A: The jungle is an important character of the film. It was important for me to find and go to the jungles that in certain way were at the origin of the myth. That is why I went to Sri Lanka to shoot and also why there is the constant reference to Adam’s Peak, which is where – in my opinion – the myth started to get spread in early literature (Sindbad) and later to the lost world movement (Burroughs, Kipling and beyond…). Those jungles are marvellous and the locations we had access to in Sri Lanka are some of the most beautiful and charged places I have ever been.

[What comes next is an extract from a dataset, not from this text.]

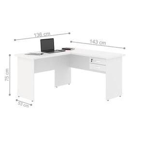 Mesa Em L Com Gaveteiro Carper Branco A Mesa possui um designer que deixará seu ambiente ainda mais elegante. MDP BP ou EUCAPRINT 15 mm com Tampo 30 mm.

The casting of the elephant was also one of the most fascinating parts of the project. We got to meet these superb creatures and at the same time face their fragile future, it was both exhilarating and sad. I have to say, I am privileged I had to live close to them, and so much has been learnt from that experience, too much to be able to convey in this interview… I’d love to tell you more if we had more time and space.
Q: How do you hope audiences interact with this film?
A: I just hope audiences can let themselves go and come along for the journey, and feel whatever they are willing to.
Q: ‘Cemetery’ will screen at FID Marseille. What does this film festival mean to you?
A: I have visited the festival a lot of times as a filmmaker, as part of the jury, and as an avid spectator.
It is very important for me that this theatrical world premiere is at FID, which saw the beginning of the project and awarded the project at FIDlab. Now FID welcomes Cemetery to competition, a full circle that means a lot to me. I love the people that run it and I love Marseille!